Osmosis is the diffusion(high to low) of water through a semipermeable membrane.  The membrane limits the diffusion of solutes in the water. Osmosis is a special case of diffusion. Water, like other substances, moves from an area of higher concentration to one of lower concentration. Imagine a beaker with a semipermeable membrane, separating the two sides(Figure 2).  The water(solvent) is the same on both sides of the membrane but there are different concentrations on each side of a dissolved substance(solute) that cannot cross the membrane. If the volume of the water is the same, but the concentrations of solute are different, then there are also different concentrations of water on either side of the membrane.

A principle of diffusion is that the molecules move around and will spread evenly throughout the medium if possible.  Only the material capable of getting through the membrane will diffuse.  In this example, the solute cannot diffuse through the membrane, but the water can. Water has a concentration gradient in this system. Therefore, water will diffuse down its concentration gradient, crossing the membrane to the side where it is less concentrated.
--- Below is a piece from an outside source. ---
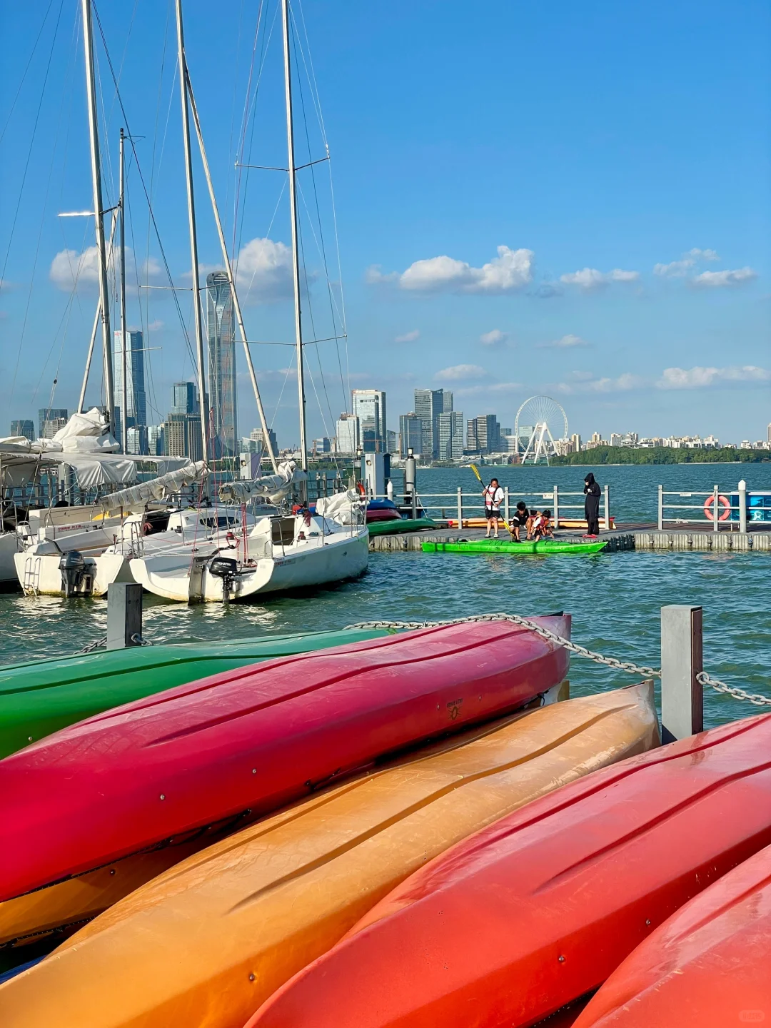 🚗上海出发1小时➡️⛵️风之园游船码头 在湖边吹着风遛弯太惬意啦~ 路边就可以停车🅿️ 游船码头有好多可以玩的! 咖啡厅,帆船,划船,皮划艇,多人自行车 还有🆓儿童乐园👉🏻🎡风之园儿童乐园 在湖边溜达10分钟左右就到苏州中心
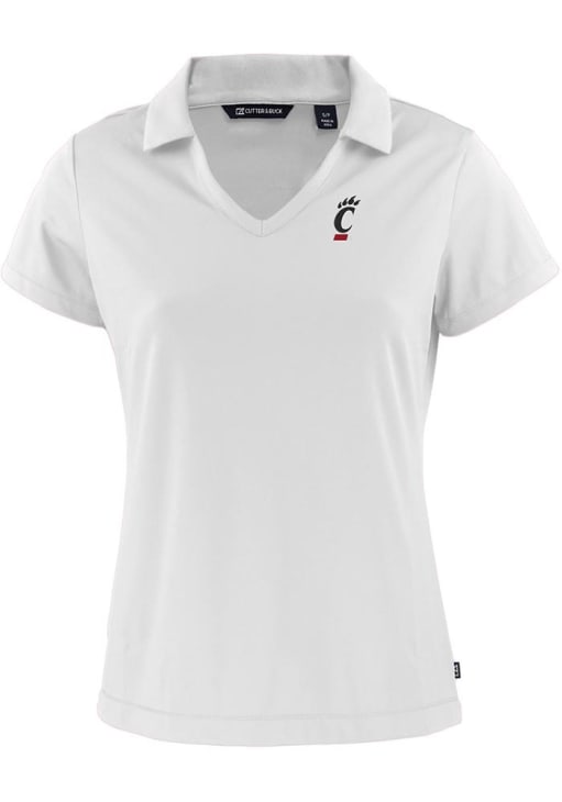 Enhance your professional style with this striking Womens White Short Sleeve Polo Shirt! Showcase your team pride among colleagues with this exceptional Cincinnati White Daybreak V Neck Short Sleeve Polo. Stand out and make a statement in this Cincinnati Bearcats Short Sleeve Polo, featuring a moisture wicking material that adds a touch of distinction to your look.

This diffusion of water through the membrane, osmosis, will continue until the concentration gradient of water goes to zero. Osmosis is actively involved in all living things.

Tonicity

Tonicity describes the amount of solute in a solution.  Three terms—hypertonic, isotonic, and hypotonic—are used to relate the tonicity of a cell to the tonicity of a cell’s extracellular fluid(Figures 3 and 4)/

In a hypertonic solution, the extracellular fluid contains less water than the cell. Because the cell has a lower concentration of solutes, the water will leave the cell. In effect, the solute is drawing the water out of the cell. In animal cells, this may result in the cell undergoing crenation(shrivel). Plants will undergo the process of plasmolysis(wilt).

In an isotonic solution, the extracellular fluid has the same tonicity as the cell. If the concentration of solutes of the cell matches that of the extracellular fluid, there will be no net movement of water into or out of the cell. In animal cells, this the considered the best tonicity. Plants can withstand this tonicity but prefer a hypotonic solution. Blood cells in hypertonic, isotonic, and hypotonic solutions take on characteristic appearances.

In a hypotonic solution, the extracellular fluid has a lower concentration of solutes than the cell.   The extracellular fluid has a higher concentration of water than does the cell. In this situation, water will follow its concentration gradient and enter the cell.  In animal cells, the cell may swell(lysis).  Due to the large, central vacuole and the cell wall, plants prefer this form of tonicity, referred to as turgor.

Art Connection

Figure 3. Osmotic pressure changes the shape of red blood cells in hypertonic, isotonic, and hypotonic solutions. (credit: modification of work by Mariana Ruiz Villarreal)

A doctor injects a patient with what is thought to be an isotonic saline solution. The patient dies.  An autopsy reveals that many red blood cells have been destroyed. Do you think the solution the doctor injected was really isotonic?

Figure 4. The turgor pressure within a plant cell depends on the tonicity of the solution that it is bathed in. (credit: modification of work by Mariana Ruiz Villarreal)

Section Summary

The passive forms of transport, diffusion and osmosis, move material without the need for energy.  Substances diffuse from areas of high concentration to areas of low concentration, and this process continues until the substance is evenly distributed in a system. In solutions of more than one substance, each type of molecule diffuses according to its own concentration gradient. Many factors can affect the rate of diffusion, including concentration gradient, molecular size, and temperature.

In living systems, diffusion of substances into and out of cells is mediated by the plasma membrane. Some materials diffuse readily through the membrane while others are hindered.  Their passage is only made possible by protein channels and carriers. The chemistry of living things occurs in aqueous solutions, and balancing the concentrations of those solutions is an ongoing problem.